[Start of section]
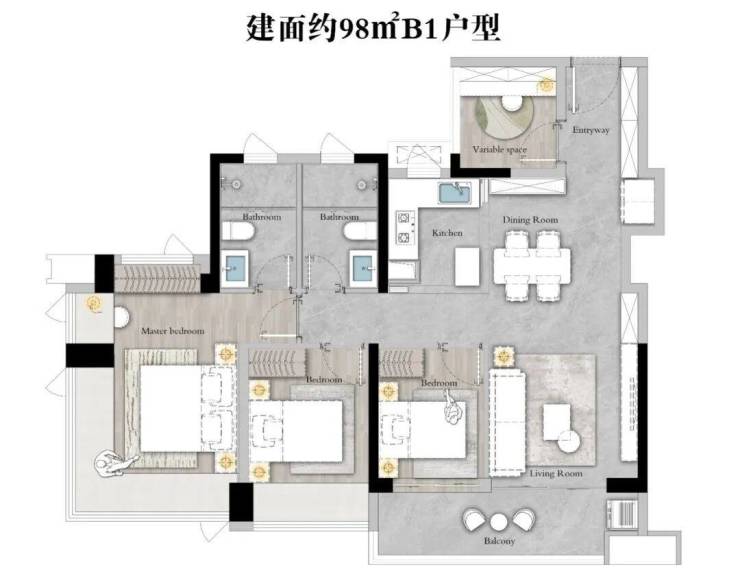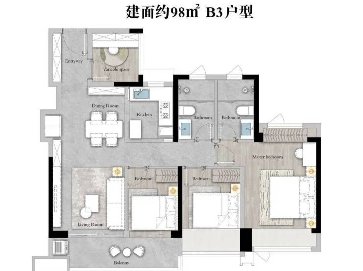 产品以主打刚需,有88㎡、98㎡、108㎡三至四房
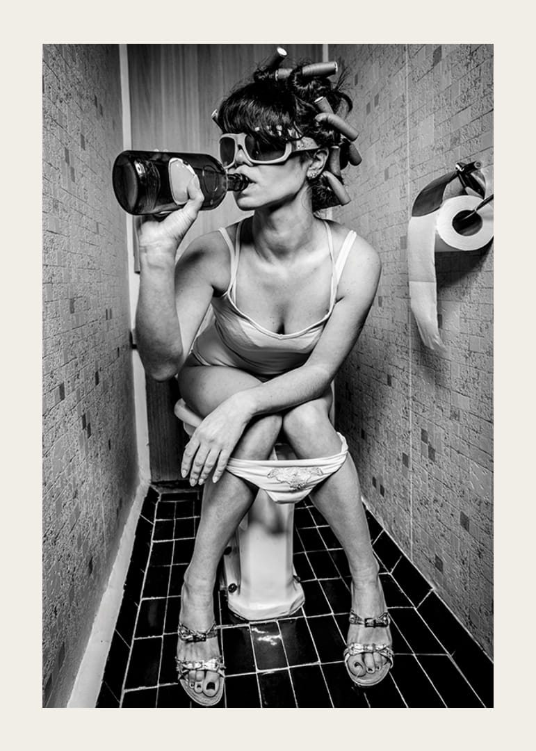 Motivet består av en kvinna med papiljotter och solglasögon som sitter iklädd underkläder på en toalett och dricker direkt ur en flaska. De svartvita kontrasterna och den trånga miljön ger motivet en stilren och samtidigt humoristisk karaktär. Denna poster passar i moderna hem med plats för attityd och lekfullhet.
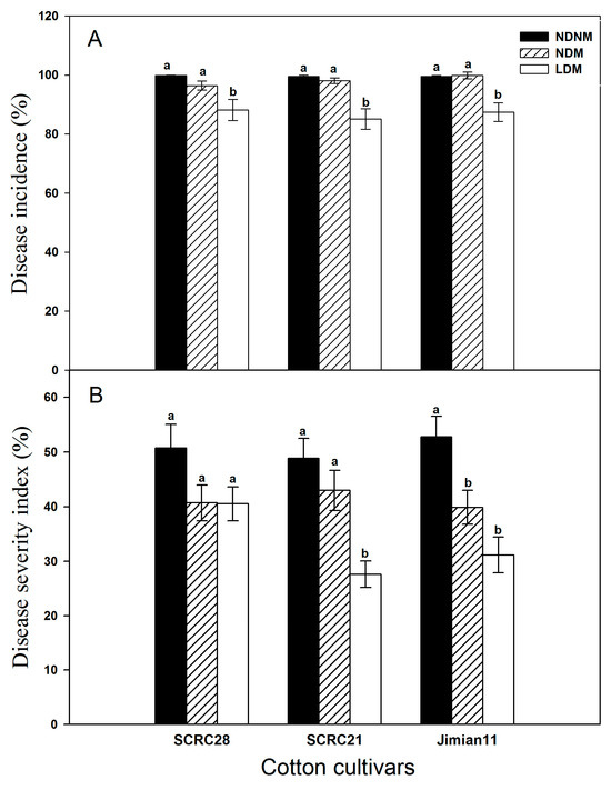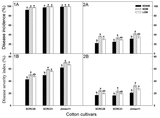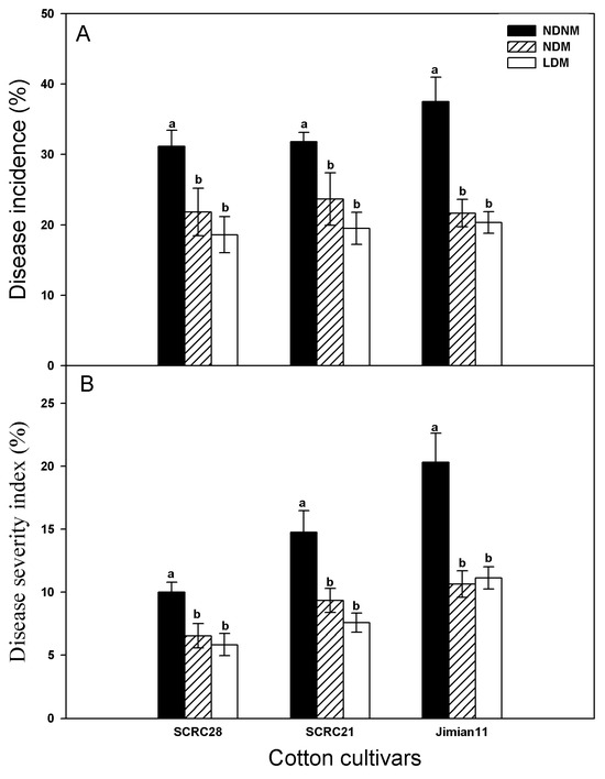 The DIs and DSIs of Fusarium wilt for all cultivars were generally higher in the NDNM treatment than in the NDM and LDM treatments, but no significant differences were observed between the LDM and NDM treatments (Figure 3).
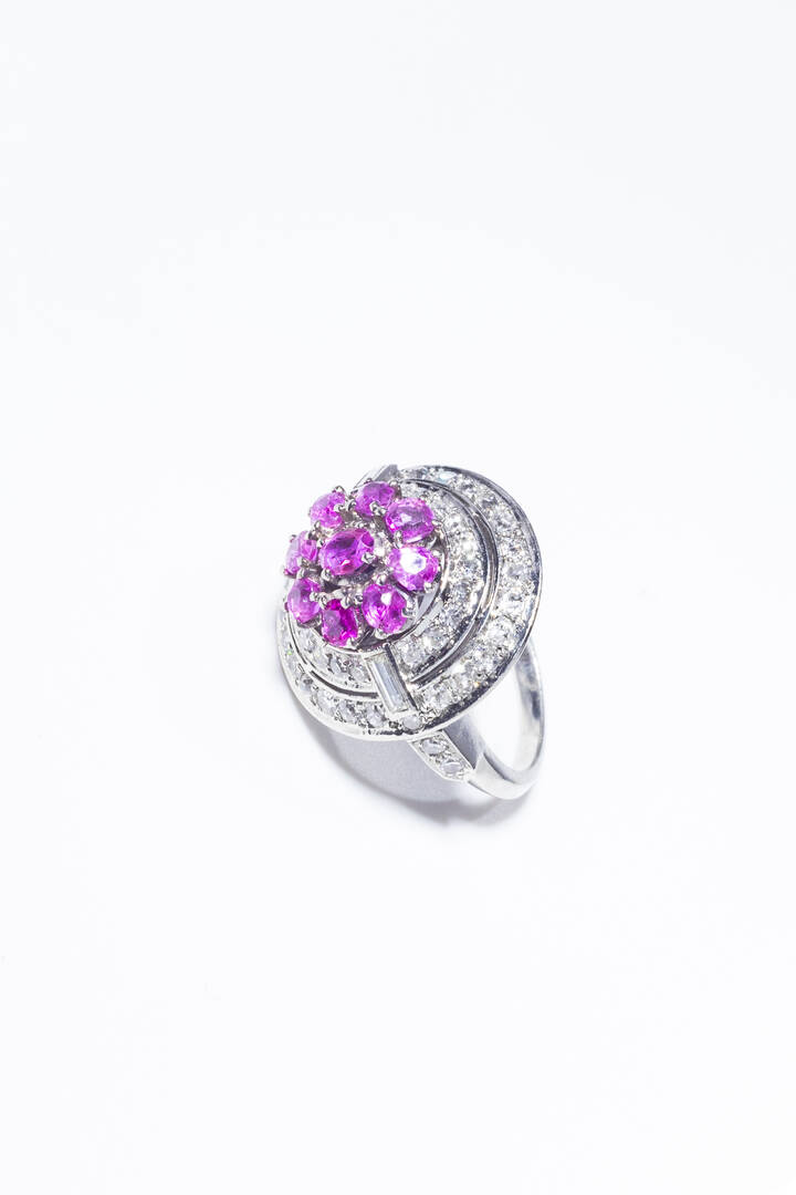in platino, anni '40, sommità rotonda con rubini taglio rotondo per totali ct 1,30 ca e doppio contorno di diamanti taglio 8/8 e baguette per totali ct 1,70 ca
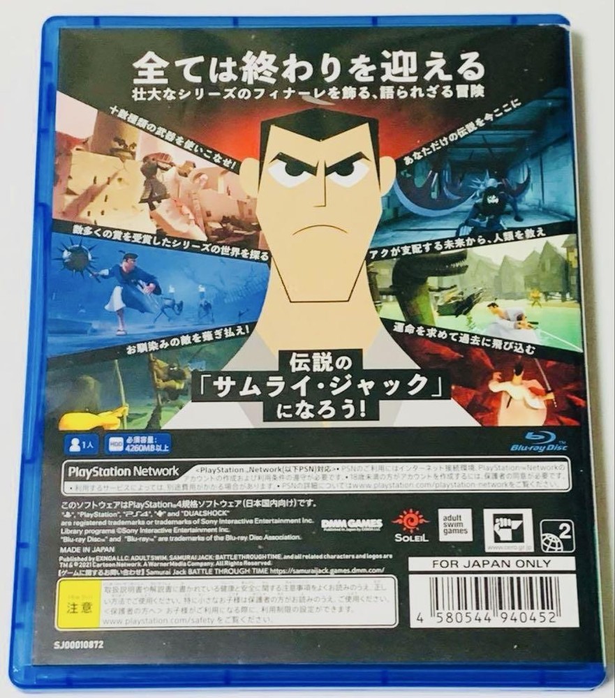 PlayStation 4 PS4 Samurai Jack Battle of Space Time Sonya Japan Ver Used Description There are no noticeable scratches on the disc and it is in good working condition. The manual is in electronic format. The case shows no signs of use and is in good condition with no cracks. It has been confirmed to work. Payment Please pay within 5 days. Shipping Shipping from Japan with Tracking Number & Insurance.We usually ship out your order within 4-6 working days after receiving your payment. About Us A specialty shop offering a wide variety of carefully selected Japanese brand items. Unless marked "used" all of our inventory is brand new, so you can feel confident about your purchase. Even if you think to yourself, "But the item I want is only available in Japan.", make sure to consult with us before giving up hope. We will look for and suggest the best products on your behalf. International Buyers - Please Note Import duties, taxes and charges are not included in the item price or shipping charges. These charges are the buyer's responsibility. Please check with your country's customs office to determine what these additional costs will be prior to bidding/buying. These charges are normally collected by the delivering freight (shipping) company or when you pick the item up - do not confuse them for additional shipping charges.
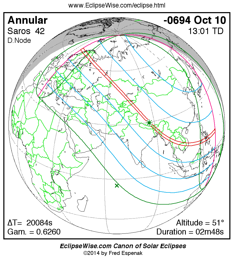 A panorama of all solar eclipses belonging to Saros 42 is presented here. Each map depicts the geographic region of visibility for a single eclipse. For central eclipses, the total or annular path is plotted in either blue (total) or red (annular). The date and time is given for the instant of Greatest Eclipse. Every map serves as a hyperlink to the EclipseWise Prime page for that eclipse where a larger map and complete details for the eclipse can be found. Visit the Key to Solar Eclipse Maps for a detailed explanation of these maps. Near the bottom of the page are a series of hyperlinks for more on solar eclipses.
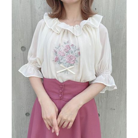 フロントのブーケ刺繍が目を惹く、フェミニンなブラウス。
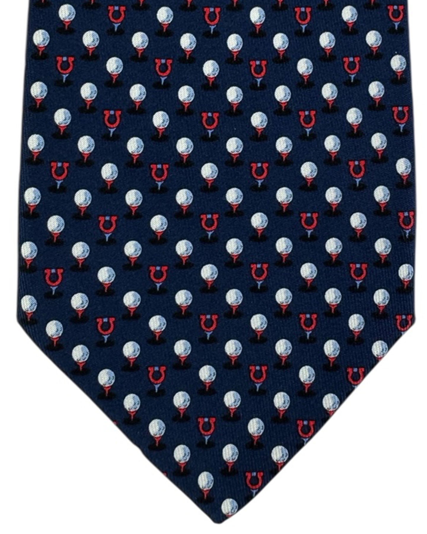 New Fall/ Winter 2025/ 2026 Collection: Authentic Salvatore Ferragamo tie, midnight blue golf ball/ tee & Gancini novelty design, printed silk, hand made in Italy. Genuine discount Ferragamo ties online, Ferragamo men collection at outlet prices.
[End of section]
> **Work instructions**
Transcribe, exactly and without pictures, everything in the data from the line with "Motivet består av" down to the line with "in platino, anni", both included.

> **Task solution**
 Motivet består av en kvinna med papiljotter och solglasögon som sitter iklädd underkläder på en toalett och dricker direkt ur en flaska. De svartvita kontrasterna och den trånga miljön ger motivet en stilren och samtidigt humoristisk karaktär. Denna poster passar i moderna hem med plats för attityd och lekfullhet.
 The DIs and DSIs of Fusarium wilt for all cultivars were generally higher in the NDNM treatment than in the NDM and LDM treatments, but no significant differences were observed between the LDM and NDM treatments (Figure 3).
in platino, anni '40, sommità rotonda con rubini taglio rotondo per totali ct 1,30 ca e doppio contorno di diamanti taglio 8/8 e baguette per totali ct 1,70 ca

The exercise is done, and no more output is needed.